Thanks for re posting the Hijack this log, I've looked over your mbam log and your hijack this log..

some things in your hijackthis log to consider.

O2 - BHO: (no name) - {02478D38-C3F9-4efb-9B51-7695ECA05670} - (no file)

O6 - HKCU\Software\Policies\Microsoft\Internet Explorer\Restrictions present "did you set these restrictions?"

023 - service NTRU Hybrid TSS v2.0.25 TCS (tcsd_win32.exe) -unnknown owner - C:\Program Files\NTRU cryptosystems\NTRU Hybrid TSS v2.0.25\bin\tcsd_win32.exe (file missing)

----------------------------------------------------------

Do you recognise any of the following as something you personally added tp your "TRUSTED" sites via internet options control panel?

O15 - Trusted Zone: *.health.org
O15 - Trusted Zone: *.macroalt.com
O15 - Trusted Zone: *.macroint.com
O15 - Trusted Zone: *.macrointernational.com
O15 - Trusted Zone: *.bethesda.orc.wan
O15 - Trusted Zone: *.burlington.orc.wan
O15 - Trusted Zone: *.orcmacro.orc.wan
O15 - Trusted Zone: *.plainsboro.orc.wan
O15 - Trusted Zone: *.rockville.orc.wan
O15 - Trusted Zone: *.orcmacro.com
O15 - Trusted Zone: *.shs.net
O15 - Trusted Zone: *.health.org (HKLM)
O15 - Trusted Zone: *.macroalt.com (HKLM)
O15 - Trusted Zone: *.macroint.com (HKLM)
O15 - Trusted Zone: *.macrointernational.com (HKLM)
O15 - Trusted Zone: *.bethesda.orc.wan (HKLM)
O15 - Trusted Zone: *.burlington.orc.wan (HKLM)
O15 - Trusted Zone: *.orcmacro.orc.wan (HKLM)
O15 - Trusted Zone: *.plainsboro.orc.wan (HKLM)
O15 - Trusted Zone: *.rockville.orc.wan (HKLM)
O15 - Trusted Zone: *.orcmacro.com (HKLM)
O15 - Trusted Zone: *.shs.net (HKLM)
-------------------------------------------
Did you download anything to access fpass.gov?
O16 - DPF: {45B69029-F3AB-4204-92DE-D5140C3E8E74} (F5 Networks Auto Update) - https://fpass.ed.gov/vdesk/terminal/...2008,0122,2009
O16 - DPF: {6C275925-A1ED-4DD2-9CEE-9823F5FDAA10} (F5 Networks SSLTunnel) - https://fpass.ed.gov/vdesk/terminal/...2008,0122,2001
O16 - DPF: {CC85ACDF-B277-486F-8C70-2C9B2ED2A4E7} (F5 Networks SuperHost Class) - https://fpass.ed.gov/vdesk/terminal/...2008,0122,2005
O16 - DPF: {E0FF21FA-B857-45C5-8621-F120A0C17FF2} (F5 Networks Host Control) - https://fpass.ed.gov/vdesk/terminal/...2008,0122,2004
--------------------------------------------

Did you add this info to your TCP settings? do you know what they are, if not you should be concerned, where did they come from, what application installed them etc..
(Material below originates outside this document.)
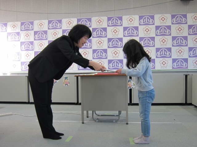 9日(月)、朝会がありました。最初に表彰伝達を行いました。

O17 - HKLM\System\CCS\Services\Tcpip\Parameters: Domain = orcmacro.orc.wan
O17 - HKLM\Software\..\Telephony: DomainName = orcmacro.orc.wan
O17 - HKLM\System\CS1\Services\Tcpip\Parameters: Domain = orcmacro.orc.wan
O17 - HKLM\System\CS1\Services\Tcpip\Parameters: SearchList = orcmacro.orc.wan,orcmacro.com,calverton.orc.wan,ma croint.com,atlanta.orc.wan,burlington.orc.wan,orc. wan,rockville.orc.wan,bethesda.orc.wan
O17 - HKLM\System\CCS\Services\Tcpip\Parameters: SearchList = orcmacro.orc.wan,orcmacro.com,calverton.orc.wan,ma croint.com,atlanta.orc.wan,burlington.orc.wan,orc. wan,rockville.orc.wan,bethesda.orc.wan

_______________________________

O23 - Service: NTRU Hybrid TSS v2.0.25 TCS (tcsd_win32.exe) - Unknown owner - C:\Program Files\NTRU Cryptosystems\NTRU Hybrid TSS v2.0.25\bin\tcsd_win32.exe (file missing)
_______________________________

O23 - Service: SPCSUtilityService - Sprint Spectrum, L.L.C - C:\Program Files\Sprint\Sierra Wireless\Sprint PCS Connection Manager\SPCSUtilityService.exe

~Did you install "sprint utility service?

You could ask yourself the same question for some of the other applications, Do you use the google toolbar? howabout ipod music device or iTunes? There's some things that can be turned off and set to manual via; control panel | administrative tools | computer management | services, or something like that, would you like to do this as well? or do you want to just focus on the malware.

[Sick&Tired]

Anything that speeds up my machine is welcome too.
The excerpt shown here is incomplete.